Offensively Okogie is a work in progress, but one area where he shines is shooting. He made 78% of his FT’s (82% as a sophomore) and 38% of his 3’s during his two years at Georgia Tech. This is really good for an 18/19 year old wing who is younger than freshmen Michael Porter Jr. and Mo Bamba.
He has a rudimentary handle and a good first step, but is mostly limited as a creator. He led the Yellow Jackets in usage (27% both years) because the rest of the team is so dreadful they don’t have any better options. Because of his limited handling and subpar body control, he struggles to finish near the rim on these occasions and had just a 43% 2P as a sophomore (45% overall).
He has a long way to go to become more than a guy who can move the ball, make 3’s, score off the ball, and attack closeouts. But at 19, he has enough physical advantages to have some creation upside if he develops better than expected.
3 + D
Josh Okogie is the quintessential 3 + D prospect. His 3 and free throw stroke are decisively good, and he has upside to be a great shooter. His release is slightly slow, but his form is good and his shot tends to fall. The same can be said for his defense. He is not GOATish in either area, but offers a rare intersection of good at both.
His creation upside spices up his prospect value with a nice upside scenario. Even if he seems like a boring non-creator who will likely not peak higher than players such as Kentavious Caldwell-Pope, Wes Matthews, or Danny Green, there is some potential for more. Nobody talked about Donovan Mitchell or Kawhi Leonard’s upside pre-draft, so why will Josh Okogie not surprise like them?

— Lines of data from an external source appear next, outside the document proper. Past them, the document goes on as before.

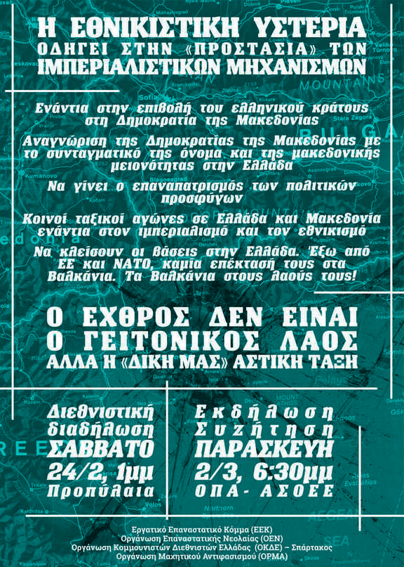 Ο εχθρός μας δεν είναι ο μακεδονικός λαός ή οι άλλοι λαοί της περιοχής μας, αλλά η αστική «μας» τάξη, οι κυβερνήσεις «μας» και οι ιμπεριαλιστές σύμμαχοί τους. Η διεθνιστική απάντηση είναι η μοναδική διέξοδος που μπορεί να οικοδομήσει ένα ταξικό κίνημα που θα παλέψει για μια ειρηνική συμβίωση των λαών στα Βαλκάνια και την πλήρη αποχώρηση από τους ιμπεριαλιστικούς μηχανισμού του ΝΑΤΟ και της ΕΕ.
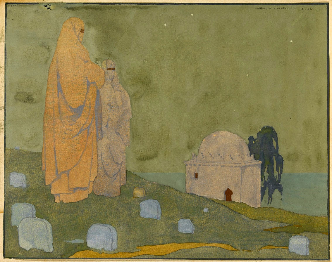 The present sheet is dated May 1922, when Mercier was twenty-three years old. It is interesting to note that the young artist was visiting Morocco only a decade or so after the country had been opened up to foreign visitors. Unlike Tunisia or Algeria, Morocco remained largely closed to foreigners throughout the 19th century, until it was declared a French and Spanish protectorate in 1912. The French decided to move the capital from Fez to Rabat, a port town dominated by Barbary pirates since the 17th century. This drawing appears to depict a small cemetery on the Atlantic coast of Rabat, just north of the Kasbah des Oudaïas and to the north and east of the larger Cimitière As-Shouhada.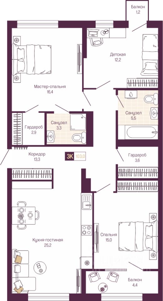Продается трехкомнатная квартира с предчистовой отделкой в ЖК "Идель. Квартал на Сенной" на 3 этаже. Общая площадь: 99.9 кв.м., жилая: 43.6 кв.м., площадь просторной кухни-столовой: 25.2 кв.м. Квартира - распашонка, без проходных комнат, окна выходят на paзные стороны дома. В квартире один балкон и одна лоджия, два совмещенных санузла. Высота потолков 3.0 м.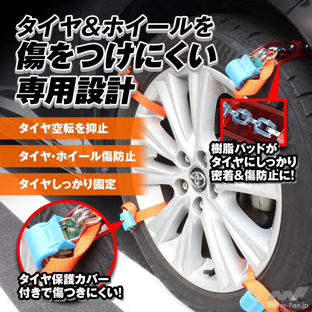 MAXWINからリリースされた、樹脂パッド付金属製タイヤチェーン『K-TIR08』は、車両が雪道でスタックした場合などの緊急脱出用におすすめのアイテム。一般的なチェーンのようにタイヤ全体を覆うように装着するのではなく、タイヤの3カ所または4か所に巻き付けるように装着するセパレート型のため素早く簡単な取付作業が可能だ。ジャッキアップ作業も不要なのがうれしい。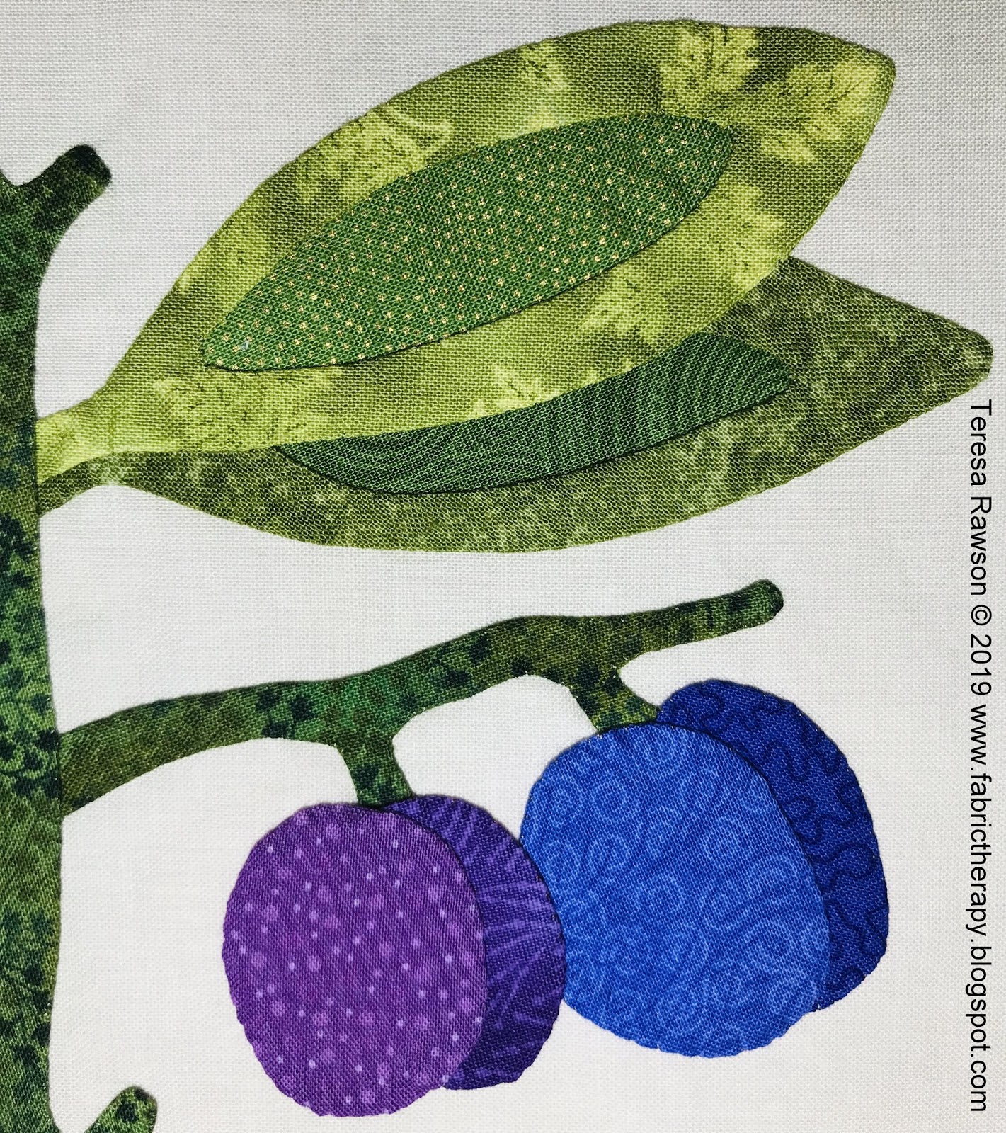 I chose to make some of my plums with 2 fabrics, hoping to represent some perspective...not sure if I succeeded.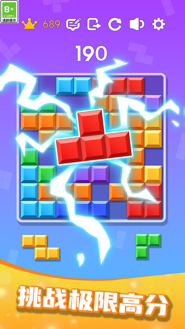 无限挑战模式:关卡模式节奏明快,每轮挑战都设计独特,让玩家时刻保持新鲜感,越玩越停不下来,随时挑战极限高分不停刷新记录。游戏每周都会推出限时挑战活动,提供专属奖励和特殊方块组合,让玩家持续保持挑战热情。
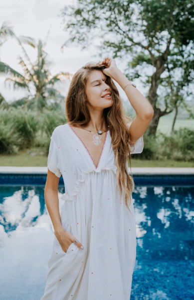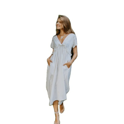 Hand Block Printed Cotton Maxi Dress for Women Casual V-Neck T Shirt Stylish Ankle Length with Sexy Beach Cover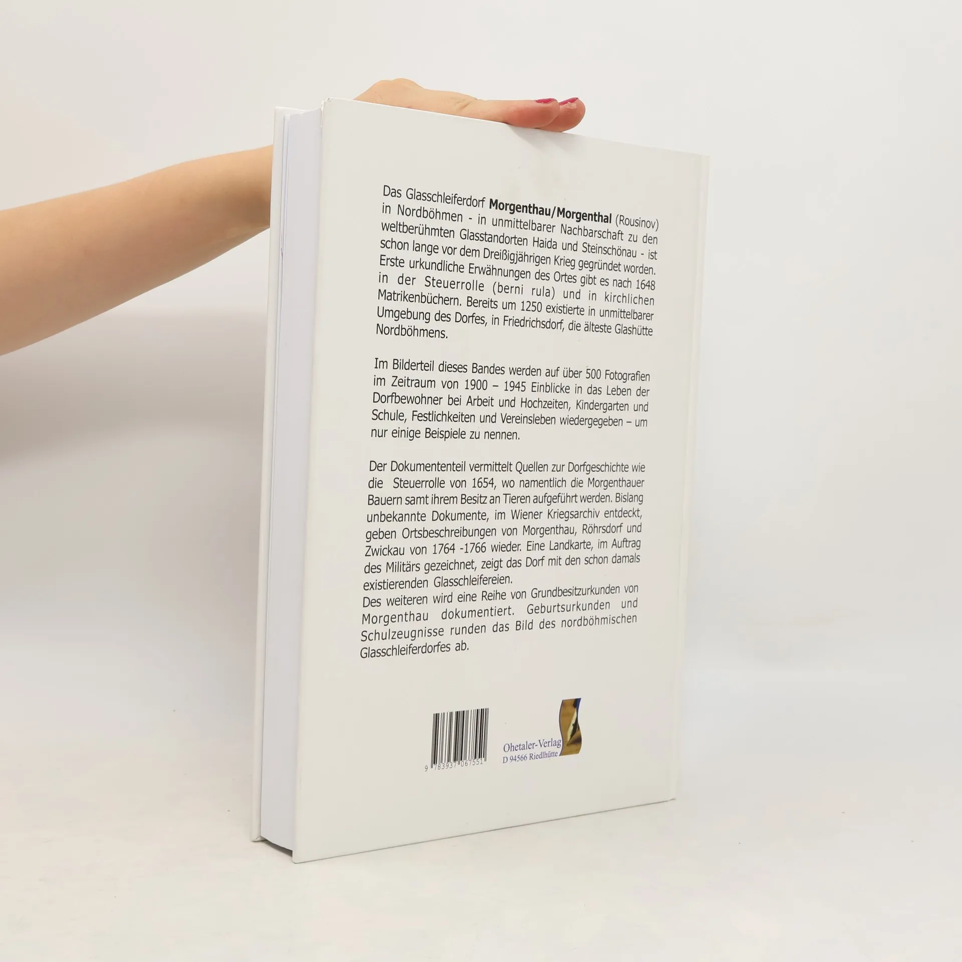 Die Geschichte des Dorfes Morgenthau in Nordböhmen. Hier waren seit Jahrhunderten deutsche Glasschleifer am Werk und veredelten Gläser. Manfred Rimpler hat auf den Spuren seiner Vorfahren die Geschichte des Glasschleiferdorfes erforscht. Zahlriche historische Fotos und alte Urkunden runden das Buch ab. Dramatischer Höhepunkt des Buches ist der abgelichtete „Austreibungsbefehl“, der das Ende der deutschen Besiedelung in Nordböhmen besiegelte.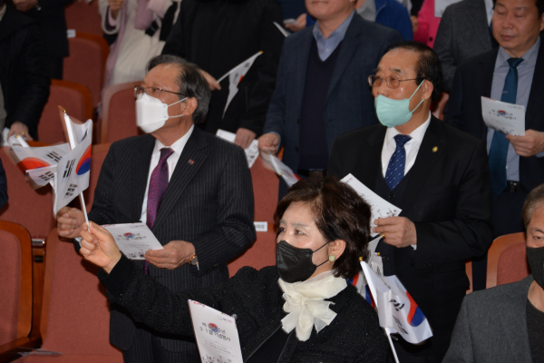 이어 국민의례를 시작으로 김정훈 광복회세종시지부 운영위원의 독립선언서 낭독와 최민호 시장의 기념사, 3․1절 노래제창, 독립유공자 유족대표 임용순 님의 선창에 따른 만세삼창 순으로 진행됐다.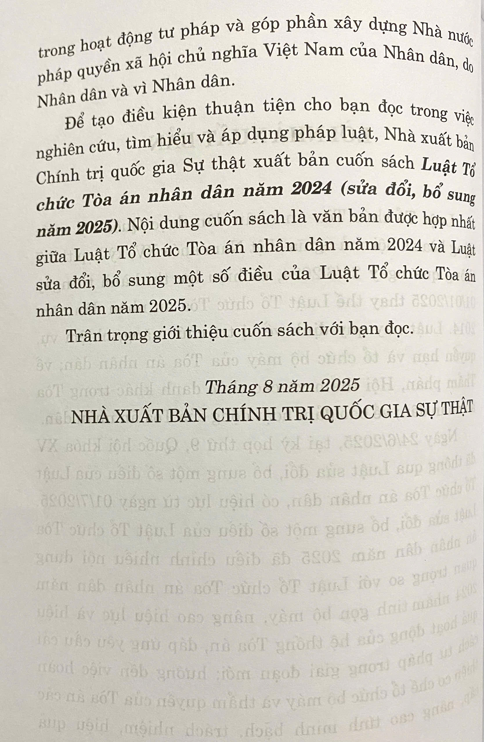 Luật Tổ chức Tòa án nhân dân năm 2024 (sửa đổi, bổ sung năm 2025) Khổ sách 13x19 Năm xuất bản 2025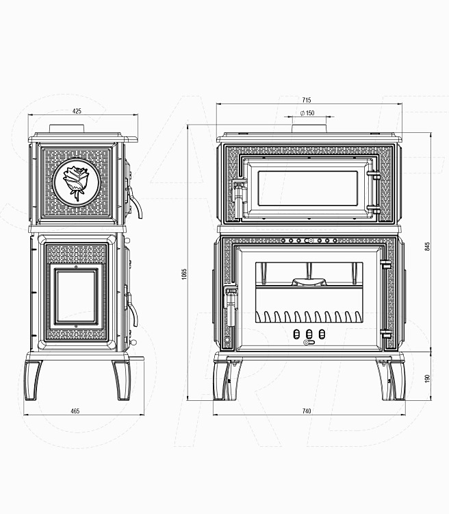 Model 2026, nový dizajn s plus bočnými dvierkami. Liatinové krbové kachle s integrovanou pieckou z vysokokvalitnej 100% sivej liatiny s dlhou životnosťou.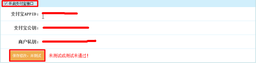 4、登录收银后台进入系统设置->支付方式,找到支付宝接口,填入接口信息,点击“保存修改,并测试”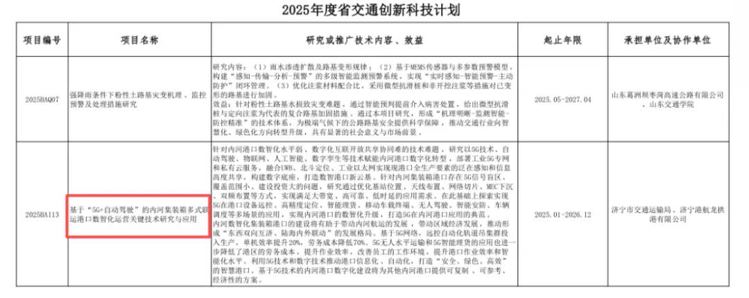 近日,省交通运输厅正式下达2025年度山东省交通运输科技计划项目名单,由济宁市交通运输局牵头申报的《基于“5G+自动驾驶”的内河集装箱多式联运港口数智化运营关键技术研究与应用》项目成功入选,标志着我市在智慧港口建设和内河航运数字化转型方面迈出关键一步。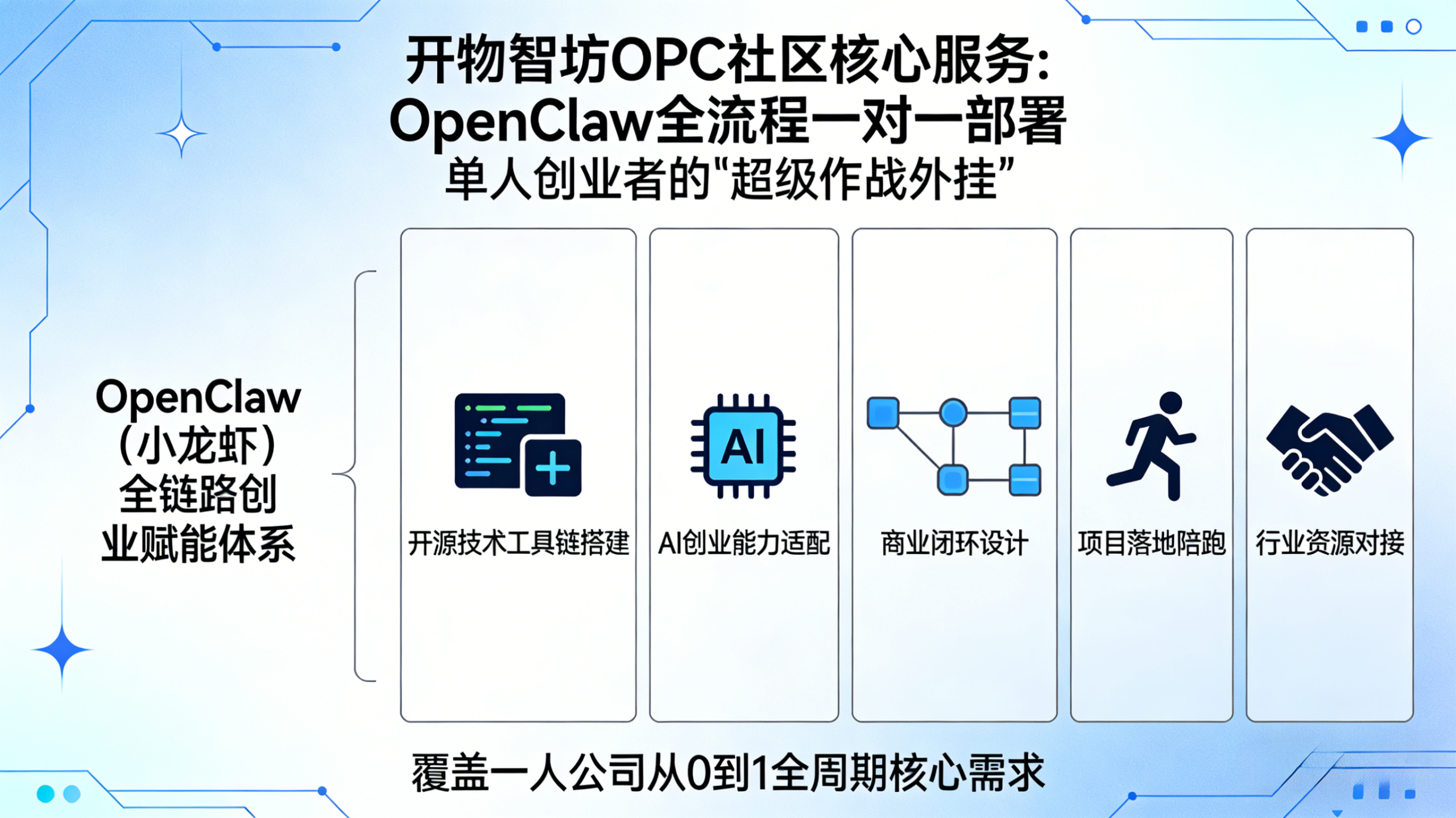他介绍,开物智坊AI+OPC 社区是一个为创业者、微型初创团队、自由职业者量身打造的全维度创业赋能平台。不止是一个办公场地,更是整合了空间、资源、技术、社群、商业对接的创业生态站。该社区正在紧锣密鼓部署中,即将正式亮相。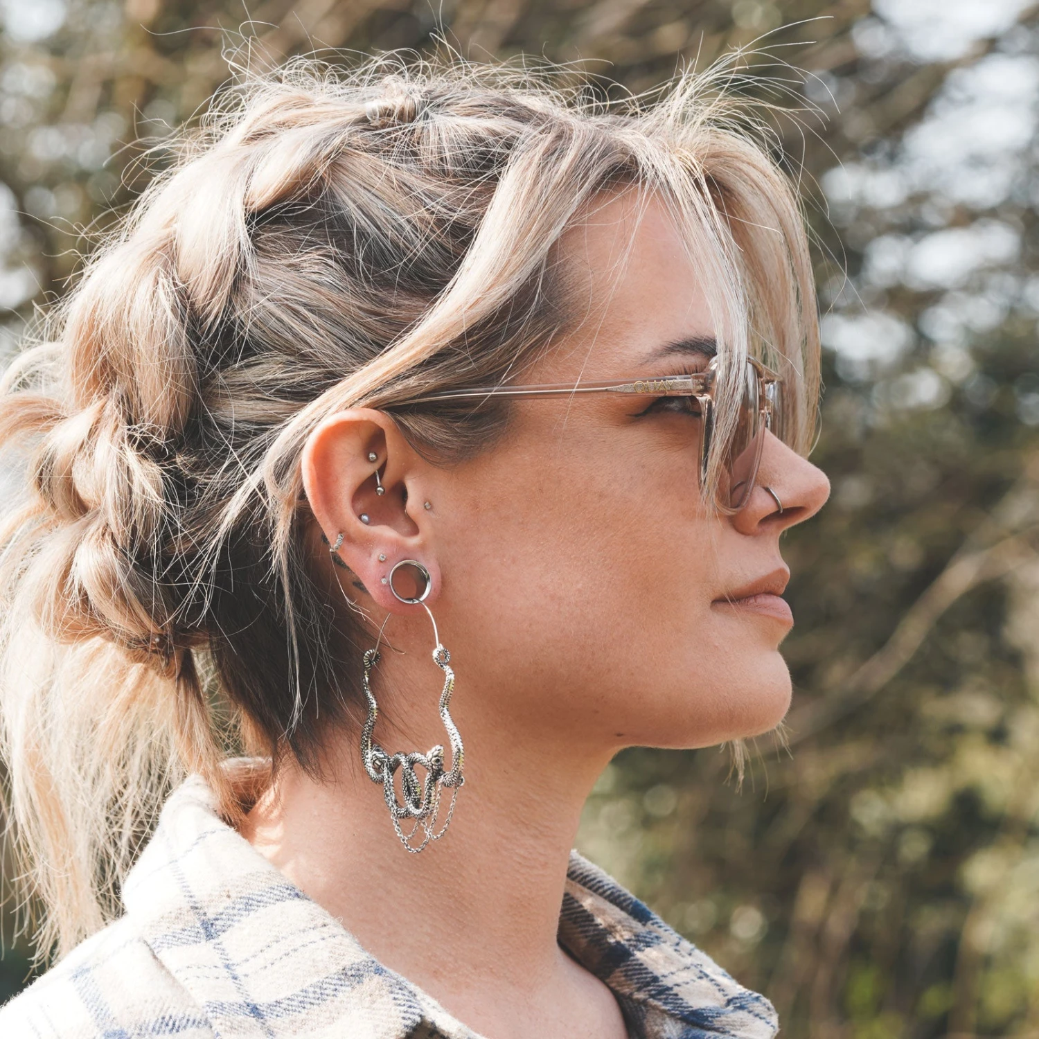 Accessorise your stretched lobes with these awesome plug hoops. Designed to be worn through all types of flesh tunnels and also in standard pierced lobes. Crafted from 316L Surgical Steel.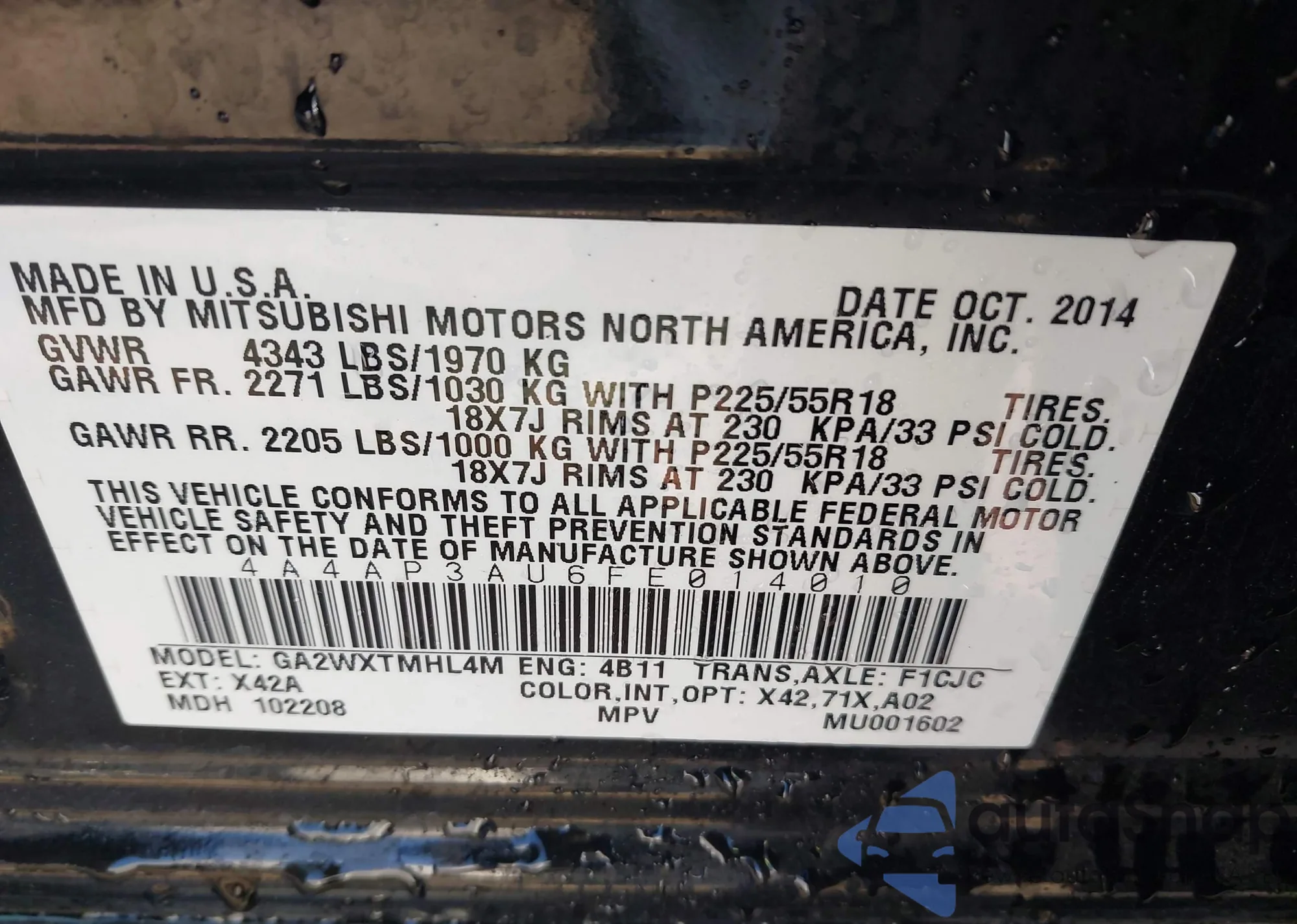 • VIN 4A4AP3AU6FE014010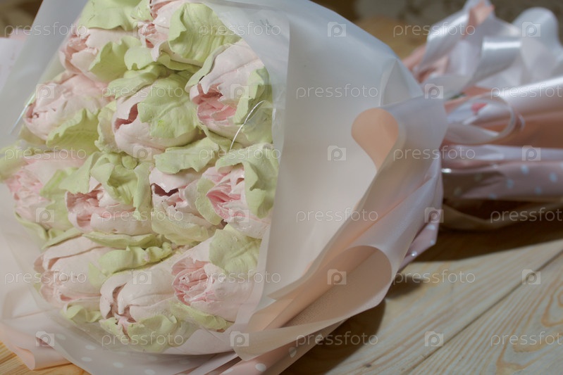 Зефирный букет. Зефирные тюльпаны. Натуральный домашний зефир. Упакован в бумагу в виде букета. На сосновых досках. Крупный план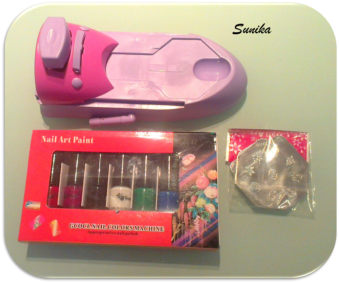 Luego también me llego un kit de Nail Art. Consiste en una maquinita para ayudar a estampar las uñas que viene con los esmaltes para estampar y varias placas con distintos diseños.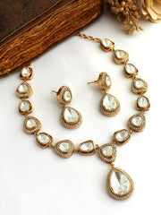 Introducing Our Gold-Tone Necklace Set is adorned with simulated Polki diamonds and sparkling CZs, creating a captivating look that blends tradition with elegance. Crafted from high-quality alloy metal, the necklace is paired with matching dangle earrings, making it perfect for weddings, festive occasions, or any moment that calls for timeless glamour.

Kawhi’s DX profile notes similar weaknesses to Okogie (non-elite athlete, struggles to finish off the dribble) and the only major difference is that Okogie is 3″ shorter in both height and length. This is a significant disadvantage, but Kawhi minus 3 inches would nevertheless be a great player.
This is not to say Okogie WILL be Kawhi minus 3 inches. He may not be on the same level cerebrally, and likely will not match Kawhi’s NBA defensive and creation value. But based on current information the possibility cannot be ruled out, and he at least has a small chance of becoming mini-Kawhi. The same cannot be said for Mikal Bridges, as his creation limits are far more significant given his meager 15% usg at ages 19/20.
Mikal Bridges is considered to be the premier 3 +D prospect in the class. But Bridges is a bit more than two years older, not clearly better in either category, and does not have the same sneaky star potential as Okogie. Further, Bridges’ low freshman + sophomore usage may indicate subtle flaws that give him a lower floor than Okogie.
There are reasons to like Bridges, as he is hyperefficient in his low usage role and Villanova has been the #1 or #2 kenpom team in all three of his seasons there. He knows how to win, has solid role player potential, and is a fine choice in the 15-25 range.
But in terms of NBA upside, Okogie shines as the superior talent. He is the best 3 + D wing prospect in the draft, and is worth a lottery selection. I expect Okogie to rise up draft boards as he outshines higher rated prospects such as Tyus Battle, Khyri Thomas, and Aaron Holiday throughout the draft process.